Cela comprend quatre objectifs généraux. Elle a déclaré : “La prévention des maladies cérébrales, la mise en place d’une thérapie, d’un suivi et d’une réadaptation cohérents, ainsi qu’une recherche et une expertise accrues sont absolument essentielles pour optimiser les résultats pour les patients. Le programme est conçu pour aider à faire cela pour de nombreuses maladies, y compris la démence, la sclérose en plaques, la maladie de Parkinson et l’apoplexie.

Modèle pour les autres pays européens

La société norvégienne de neurologie et la direction norvégienne de la santé s’efforcent d’atteindre les objectifs du programme, qui pourrait servir de modèle à d’autres pays, la Norvège étant le premier pays d’Europe à lancer un programme de ce type.

Cela inclut la levée de 20 millions d’euros pour financer un centre national de recherche clinique dédié au traitement clinique de maladies graves telles que la sclérose en plaques, la démence ou la sclérose latérale amyotrophique (SLA). Le Conseil norvégien de la recherche recevra également 5 millions d’euros supplémentaires pour développer la recherche et l’innovation dans le domaine des maladies neurologiques.

Le professeur Aamodt déclare : “Nous pensons que cette approche nationale devrait être reproduite et mise en œuvre dans d’autres pays européens, en fonction de chaque pays. Le continent connaîtra des changements sociétaux majeurs – tels que le vieillissement de la population – qui auront un impact sur les maladies cérébrales, et les systèmes de santé devront s’adapter à ces changements”.

Suite au lancement de la stratégie norvégienne pour la santé cérébrale, l’EAN et l’EFNA (Fédération européenne des associations neurologiques) appellent à la mise en place d’un programme européen visant à sensibiliser le public aux maladies cérébrales, à influencer les gouvernements et à appliquer les connaissances scientifiques les plus récentes pour améliorer les résultats pour les patients et la société.

Focus sur l’apoplexie et la démence 

Un sujet important du congrès était la charge de morbidité de l’apoplexie et de la démence. Le professeur Vladimir Hachinski, spécialiste des accidents vasculaires cérébraux (AVC) de renommée mondiale, a souligné que les AVC représentent 42 % des maladies neurologiques (contre 10 % de la démence) et que de nombreux cas de démence pourraient être évités en prévenant les AVC. Selon une étude récente du Lancet, que nous avons présentée ici, environ une personne sur cinq développe une démence au cours des cinq premières années suivant l’AIT ou l’apoplexie.
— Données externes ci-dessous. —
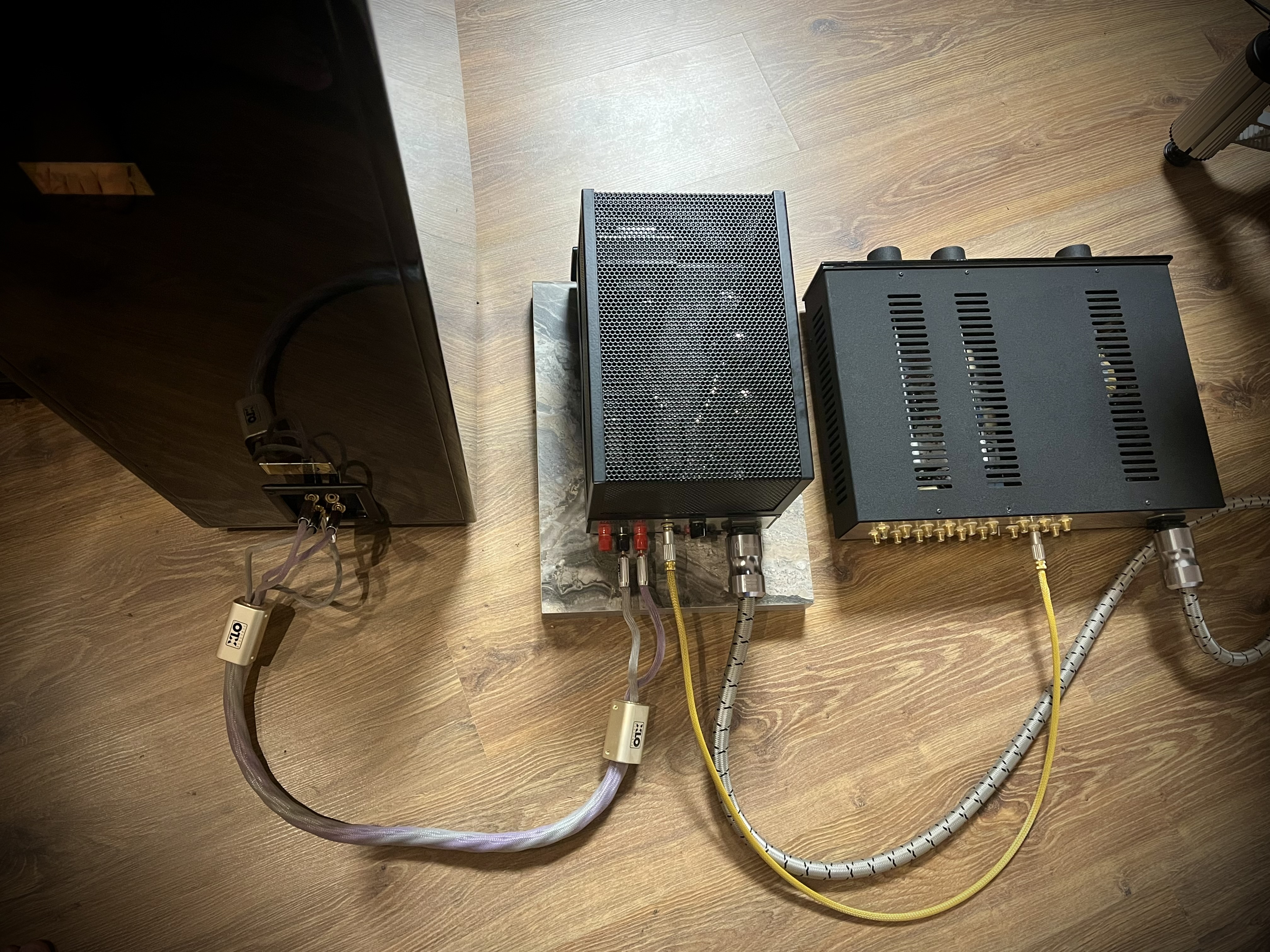 Систему пока собрать не могу - кабель, который фонил с моноблоком, я забраковал - убрал в коробку. А других нет такой длины. Нужно спаять, что-то временное из микрофонного кабеля.

Le professeur Hachinski déclare : “Les maladies neurologiques sont la principale cause des années de vie avec handicap (AVCI). […] La bonne nouvelle est que les accidents vasculaires cérébraux en 90 sont potentiellement évitables en contrôlant les facteurs de risque”. L’apoplexie et la démence ont en commun de nombreux facteurs traitables, notamment l’exercice physique, un mode de vie actif, une alimentation saine, une pression artérielle normotendue, etc.

La recherche d’un remède à la maladie d’Alzheimer s’est concentrée sur l’hypothèse amyloïde/tau au cours des 40 dernières années, mais cette approche “à voie unique” n’a jusqu’à présent pas réussi à produire ne serait-ce qu’un seul agent modificateur de la maladie, selon Hachinski.

Les études présentées lors du symposium plénier du congrès de l’EAN soulignent également que la majorité des maladies neurologiques sont liées à la neuro-inflammation, y compris celles qui étaient auparavant considérées comme non inflammatoires, telles que la maladie d’Alzheimer, la SLA, les troubles moteurs, l’apoplexie, la migraine et l’épilepsie. À cette fin, l’EAN coopère avec la revue Nature, qui a publié après le congrès un numéro spécial contenant des articles rédigés par divers intervenants sur le thème général de la neuro-inflammation.